At the very worst, if the veterans play initially, the Patriots will have basically the same lineup that they used in last season's title run (sans retired Dan Connolly), and the rookies can be worked in slowly, as both Mason and Jackson could use some technique work in pass protection.

And again, what we all saw in the preseason is not necessarily a precursor to what we can expect to see in the regular season. For one, the Patriots had just one of their experienced pass catchers - Danny Amendola - available for the passing game, which meant that every opponent loaded up the box and dared Patriots quarterbacks to beat them through the air. The result was an offensive line that was overwhelmed in sheer numbers...

...but with Gronkowski, Edelman and Chandler joining Amendola in the pattern, teams in the regular season are not going to be able to stack the box and, as a result, the offensive line will appear to be more stable - because they will be.
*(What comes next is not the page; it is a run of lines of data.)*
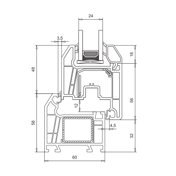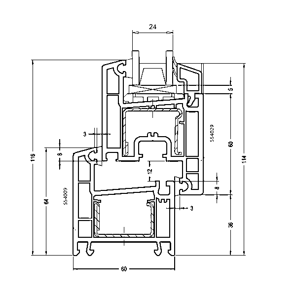 - épaisseur 60 mm ; - système à quatre chambres; - isolation thermique 0,70 m2 * C / W; - renfort en acier standard; - mastic avec chevauchements de trois types, blanc, gris, noir; - Protection anti-effraction - WK3, isolation acoustique classe B ; - étanchéité à l'air jusqu'à la classe A.
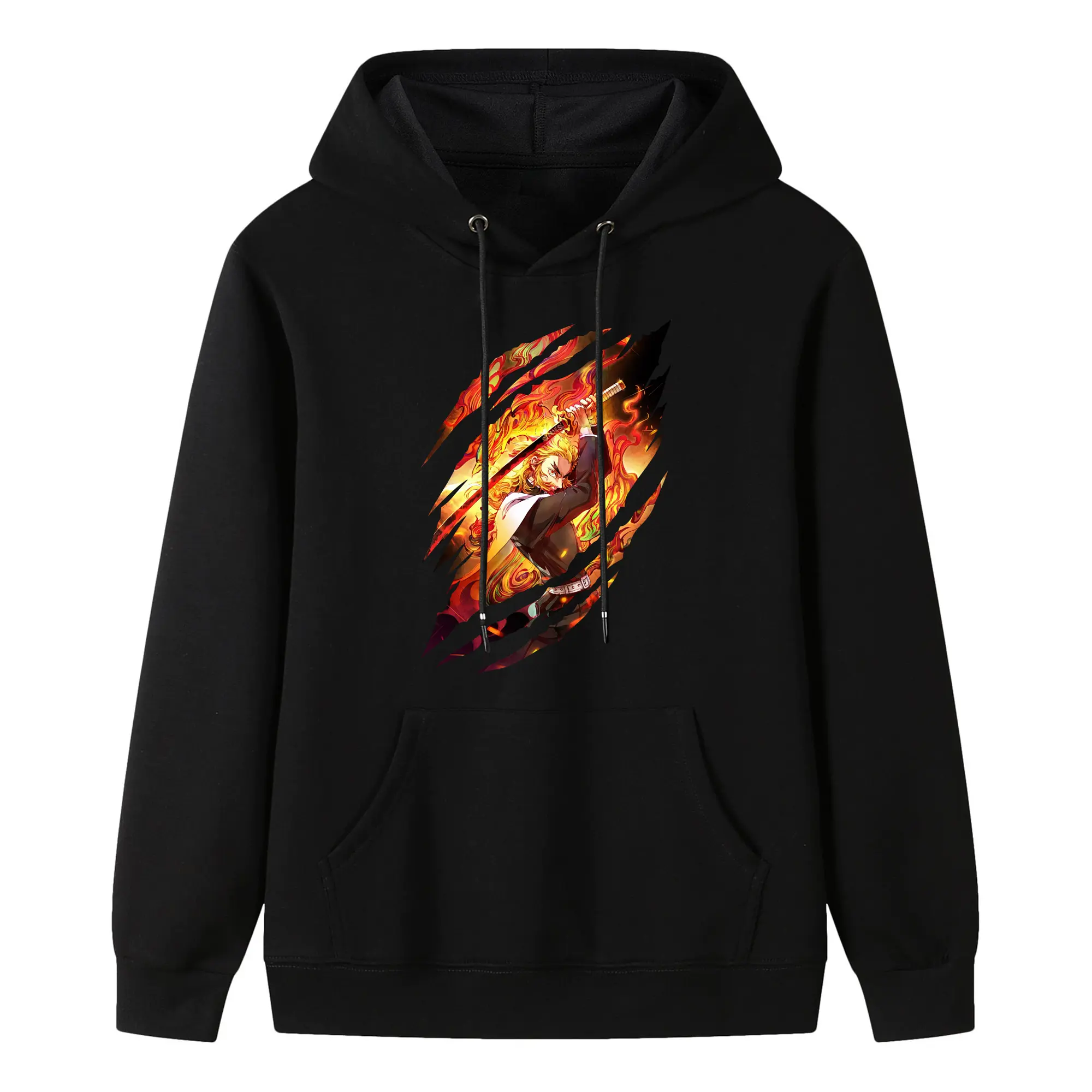 鬼滅の刃 グッズ,煉獄 杏寿郎 - キッズ フード付きパーカー ・ フロントプリント ・ ポリエステル100% ・ 快適 通学 スポーツ 日常使い お散歩用
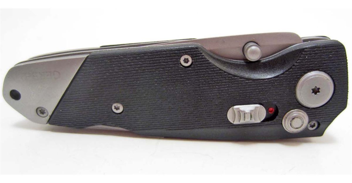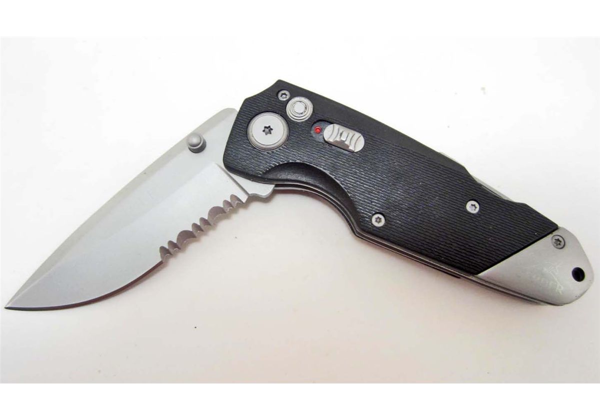 4.15"closed plunge lock. 3" partially serrated 440 stainless drop point blade w/ matte finish and dual thumb studs. Stainless handles w/ bead blast finish and black glass filled nylon inlays. Features integrated cross driver w/ file and medium flathead driver w/ bottle opener. Lanyard hole. Stainless pocket clip.
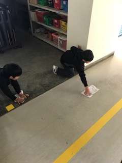 2年生の子供たちが掃除の時間じゃないのに雑巾がけをしています。
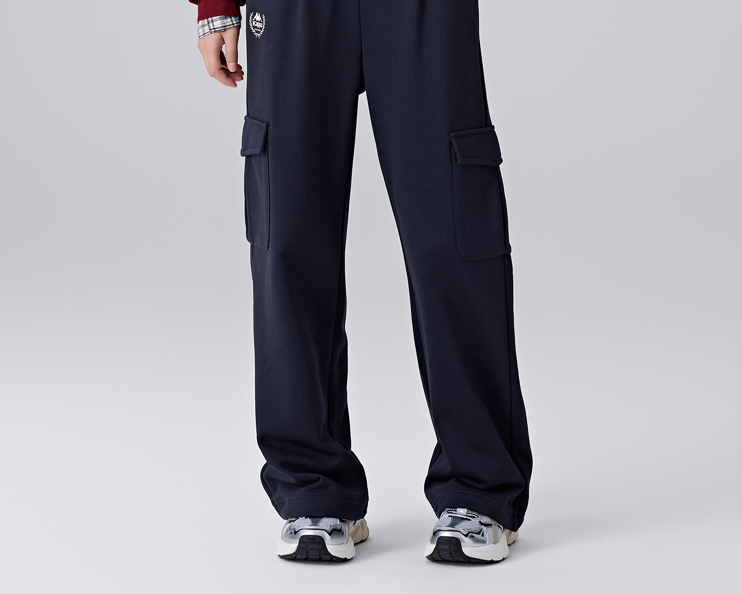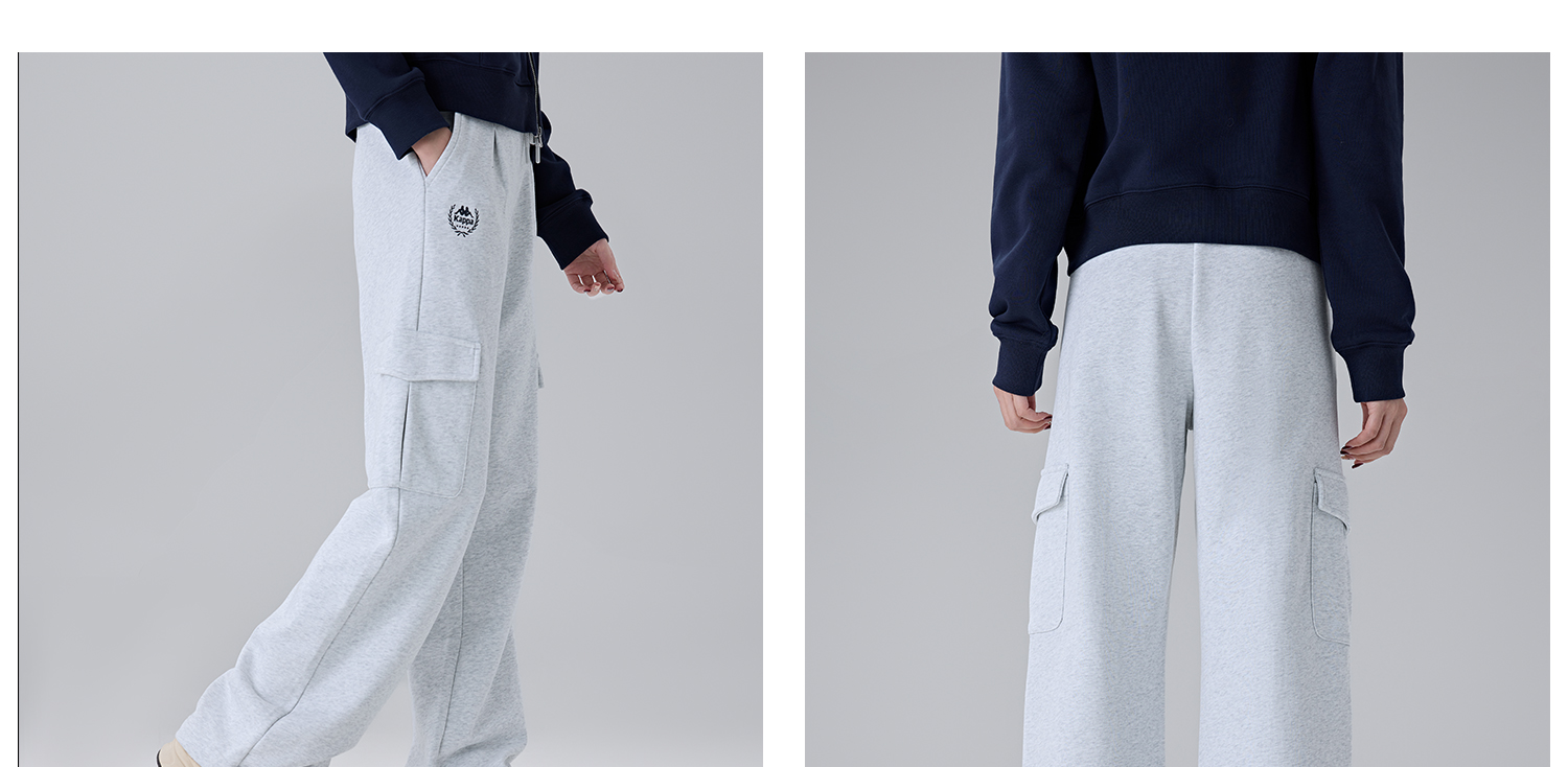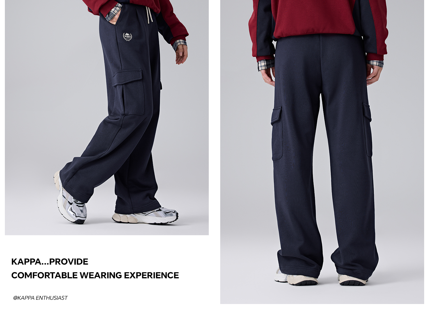 Kappa卡帕背靠背新款运动长裤弹力裤子针织休闲裤女款直筒工装裤K0F22AK04

The best thing about the way Belichick has built his offense is that with three passing backs in the mix, it adds another layer to the playbook - the heavy layer that promotes two back sets with any of the running backs capable of taking the ball right up the gut or wheeling out of the backfield and into the pattern. Bringing Chandler into the mix was key as well, as he is essentially a very tall wide receiver.

Of course, LaFell's surgery was not a primary reason for signing Chandler away from Buffalo as much as an opportunity to reinvent the two tight end sets, but foresight on Belichick's part leaves him with options until LaFell returns after week 6.

In the end, the New England offense appears to be a literal juggernaut, the concept-driven scheme having multiple layers added to it by the switch in philosophy - meaning that if the opposition thought the Patriots' offense was difficult to defend before, the added unpredictability that the passing backs and two tight end attack affords them is going to make Brady and company that much tougher to defend.